Dusting off the Crystal Ball: Ten Market Predictions for 2023
As the New Year dawns, it’s time to dust off the magic 8-ball and peer into the future to see what 2023 has in store for the markets.
Grab a cup of coffee, put on your tinfoil hat, and let's get started.
Inflation remains stubborn as Jerome Powell stomps on the hawk button before whimpering out at 5.50%. Stocks get slammed, then recover in the second half of 2023. The bulls say they are back in business, the bears ask “how high can a dead cat bounce?”
Artificial Intelligence (AI) is the new, new thing. VC’s can’t ditch their blockchain failures fast enough to get in on some “real innovation”. Andreessen Horowitz strikes it big with an AI tool that transfers data from defunct blockchains back to centralized databases.

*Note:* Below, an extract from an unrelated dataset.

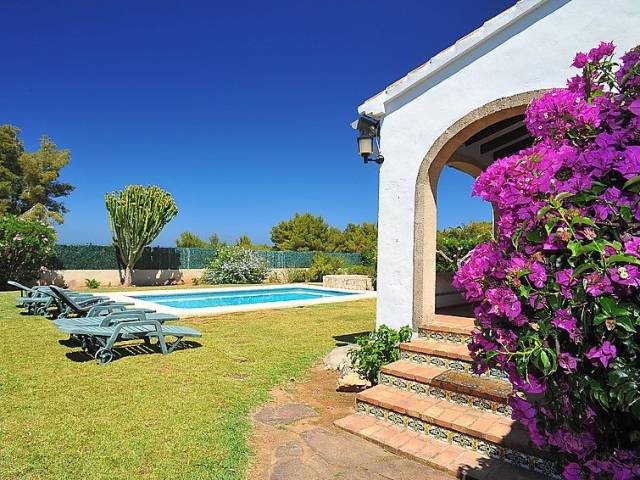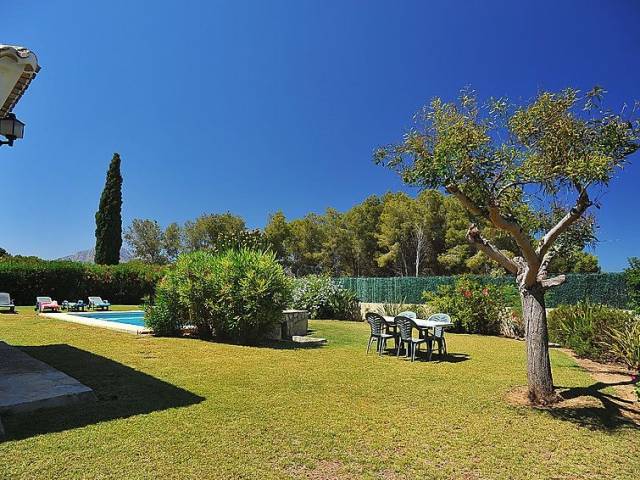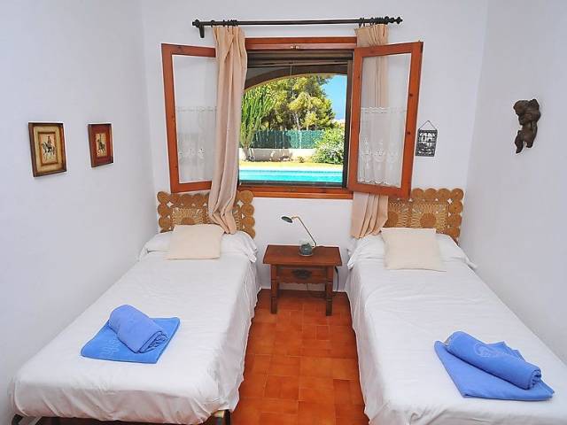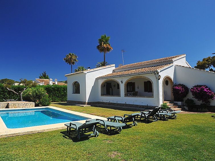 Casa "Henrys Choza". En el barrio de Adsubia, lugar tranquilo, soleado en un barrio residencial, a 1.3 km del mar, en una calle sin salida. Privado: jardín, cuidado 1'000 m2 (vallado) con césped y plantas, patio, piscina (4 x 8 m, Disponible por temporada: 01.Ene. - 31.Dic.) con escalera interior. Ducha exterior. Tienda 1.3 km, supermercado 800 m, restaurante 1.3 km, playa de arena "Arenal" 1.3 km. El propietario no acepta grupos de adolescentes/jóvenes. Casa 4 estancias 140 m2. Con mobiliario funcional: salón-comedor con chimenea, TV satélite y TV digital (pantalla plana), aire acondicionado. Salida al balcón cubierto. 1 dorm. con 1 cama de matrimonio (180 cm, 190 cm de longitud), baño/bidet/WC. 1 dorm. con 2 camas (80 cm, 180 cm de longitud). 1 dorm. con 2 camas (90 cm, 190 cm de longitud). Cocina (horno, X placas de vitrocerámica, microondas, congelador). Baño/bidet/WC. Calefacción eléctrica. Terraza grande 40 m2, cubierta. Muebles de terraza, barbacoa, tumbonas. Vista lejana al mar. El alojamiento dispone de: lavadora. Internet (Wifi, gratis). Garaje junto a la casa. A tener en cuenta: 1 mascota / perro. TV solamente DE, ES. AT-434481-A

Facebook shareholders tell Mark Zuckerberg that being a billion dollar company is “only cool if you weren’t already a trillion dollar company”. Zuckerberg is so attached to his virtual metaverse avatar that he ignores the naysayers, eventually needs more cash, and is forced to sell WhatsApp to Microsoft in a fire sale.
Crypto continues its spiral towards the nothingness from which it came, and closer to where it belongs. Binance finally succumbs to its fate, Tether plummets after agreeing to an independent audit, and Coinbase files for Chapter 11 citing “complications caused by an unprofitable business model”. Jim Chanos’s crypto shorts make him the richest hedge fund manager in the world.
Warren Buffet makes good on his pledge to buy all the Bitcoin in the world below his initial offer price of “$25”, and is proven right yet again! As Warren B predicted, owning all the Bitcoin does render it utterly useless and worthless. He sells it all to Cathy Wood and Michael Saylor, who remain the only buyers. The SEC investigates Saylor for a second time.
The SEC announces it is pursuing a major US bank for “green washing on an industrial scale”. The internet goes into a frenzy speculating that it is Wells Fargo, again! Charles Scharf denies Wells Fargo’s involvement in a single tweet “Due to labour market supply shortages, Wells Fargo simply cannot participate in more than one industrial scale fraud at the same time.”
Out of the ashes of crypto, rises a new token dubbed the BTMDC, or “back to Mum and Dad Coin”. The crypto crowd go wild when they learn that mum and dad won’t buy their used Teslas; M’s & D’s are old school and prefer Fiats and a reasonable rate of return. They also want their lawns mowed once a week and the pool cleaned. Tough love is back on the menu!
Elon Musk discovers that his version of “freedom of speech” is actually pretty expensive, even by his standards. New investors have learned that Tesla is actually a car company and re-align its P/E ratio with Ford and GM’s (6x P/E). Musk gets a margin call from JP Morgan and tweets the old chestnut “If I owe JP Morgan $1 million, then JP Morgan owns me, if I owe JP Morgan $100 billion, I own JP Morgan”. JP Morgan is unimpressed and just leaves Twitter.
Jamie Dimon receives a lifetime achievement award for finally discovering a use case for blockchain. He uses its immutability to discover every JP Morgan employee who defied him by trading crypto, and true to his word, he fires them all! Together they unite and sue him using a centralized law firm.
To settle the ongoing dispute between the SEC and the CFTC over who does/doesn’t want to regulate crypto?, a breakthrough occurs. A new joint organization is formed henceforth to be known as the Securities Union and Commodity Crypto Authority, or “SUCCA” for short.
And there you have it, my inaugural ten market predictions for 2023. Only time will tell to see who is in or out, up or down, right or wrong. So sit back, relax, and enjoy 2023. Until next year, happy market gazing!